Open lblatchford opened 3 years ago
It looks like that is a COM field in the jpeg file, which is used for comments. For this field, the JPEG specification says "the interpretation is left to the application". So it seems there is no standard encoding for this field, and this likely applies to all other string fields in a jpeg file. To preserve the comment and other field data exactly, it probably makes sense to change the encoding to ISO-8859-1
. This encoding has no illegal values (which both US-ASCII and UTF-8 have) and so comment data will never be replaced due to encoding errors--this should allow parsing and unparsing exaclty the same. It does mean daffodil won't detect garbage/malicious comment data, but that can be handled outside of daffodil if it's important to the use case.

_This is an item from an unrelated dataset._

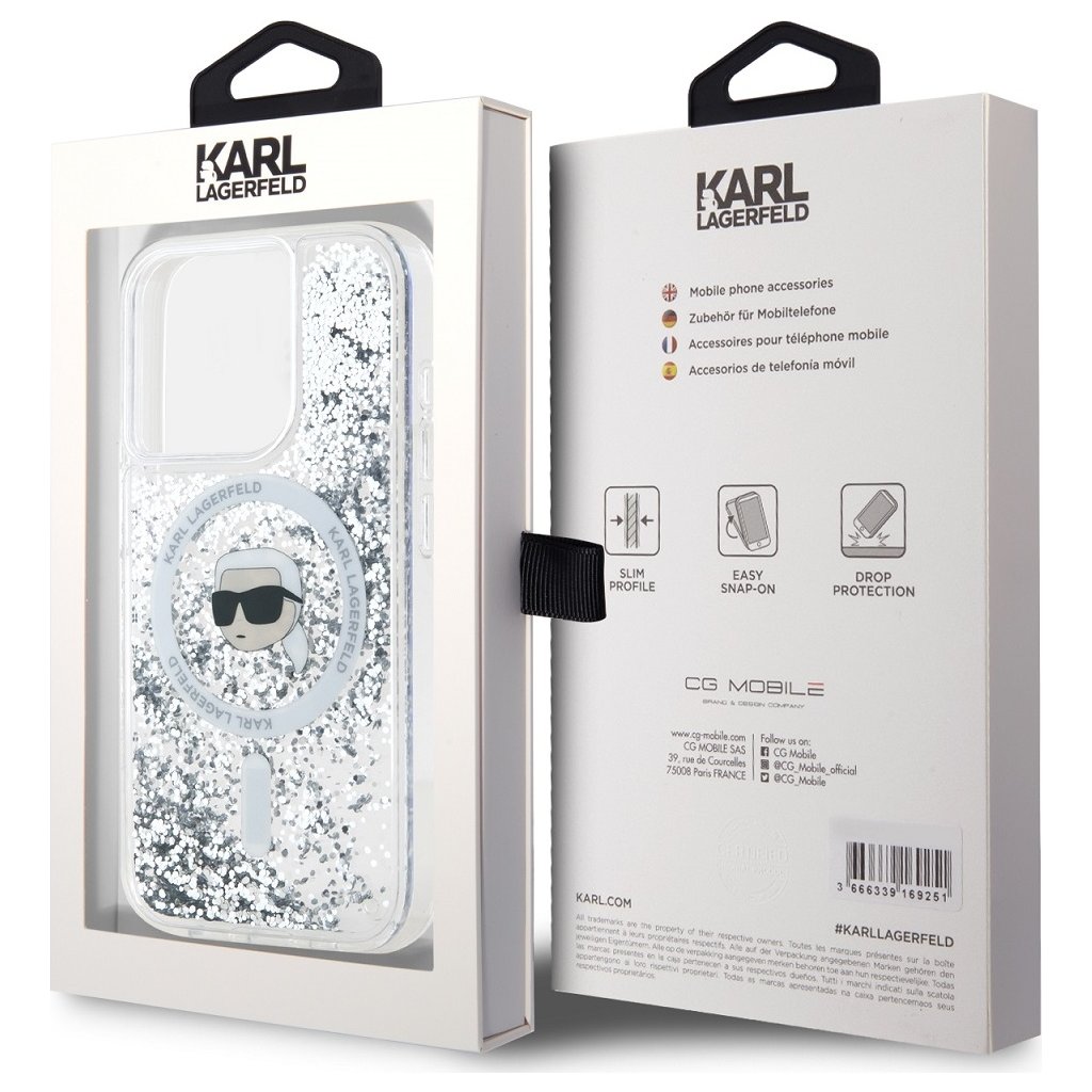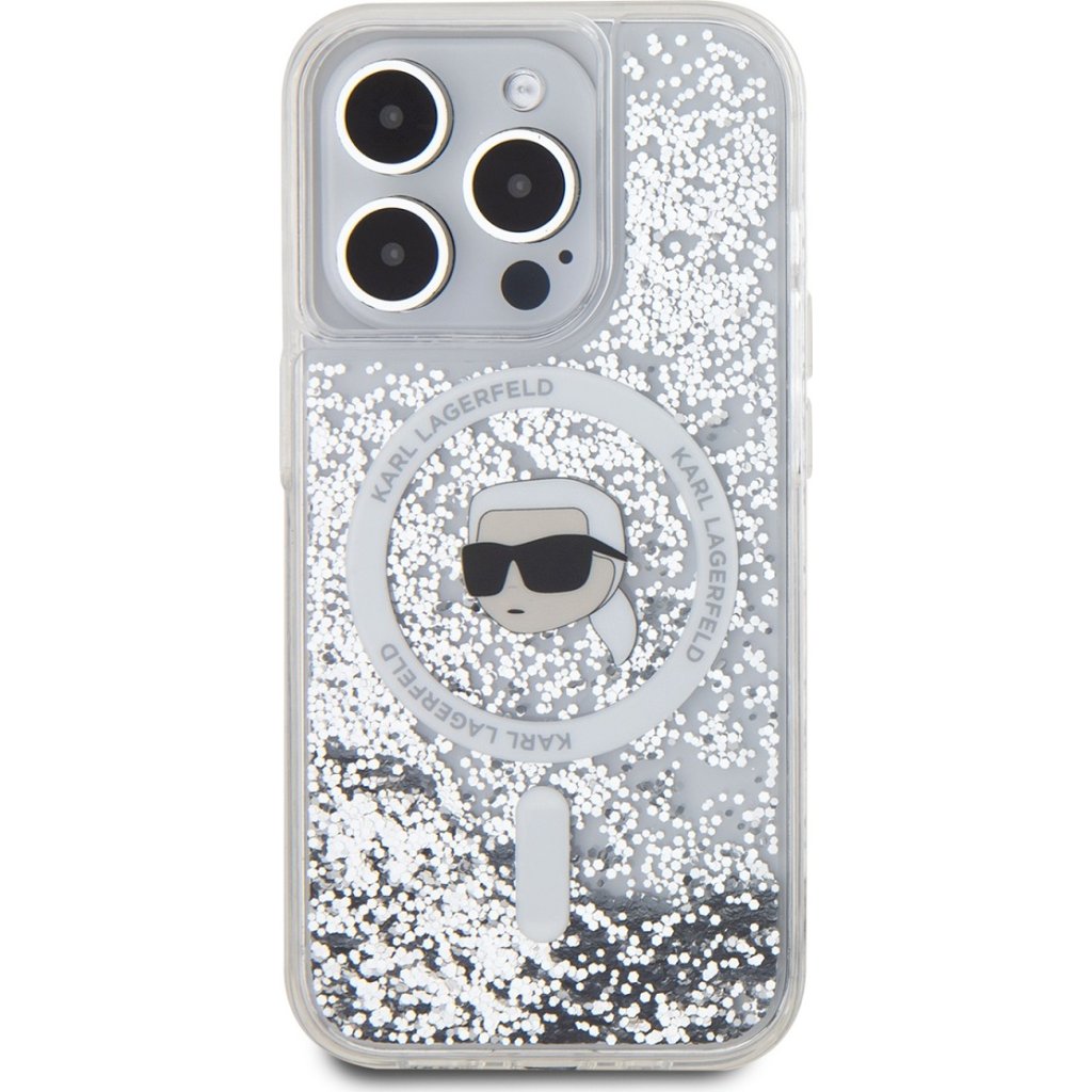 Ochranný kryt na iPhone 15 Pro MAX - Karl Lagerfeld, Liquid Glitter Karl Head MagSafe Transparent

Would you like to create a pull request switching to ISO-8859-1?
dirtyword5x.jpg has a non-ASCII byte 0xa8 at offset 0x1a1b. test25.jpg has the same non-ASCII byte at offset 0x17ef.
When these files are parsed and then unparsed, the 0xa8 becomes 0x3f. After the parse, the infoset has the 0xa8 translated to 0xEFBFBD, the UTF-8 replacement character. If the encoding in the schema is changed from US-ASCII to UTF-8, 0xa8 is changed to 0xEFBFBD in the final JPEG, which is more clear.
Should the encoding be UTF-8 or something else other than US-ASCII?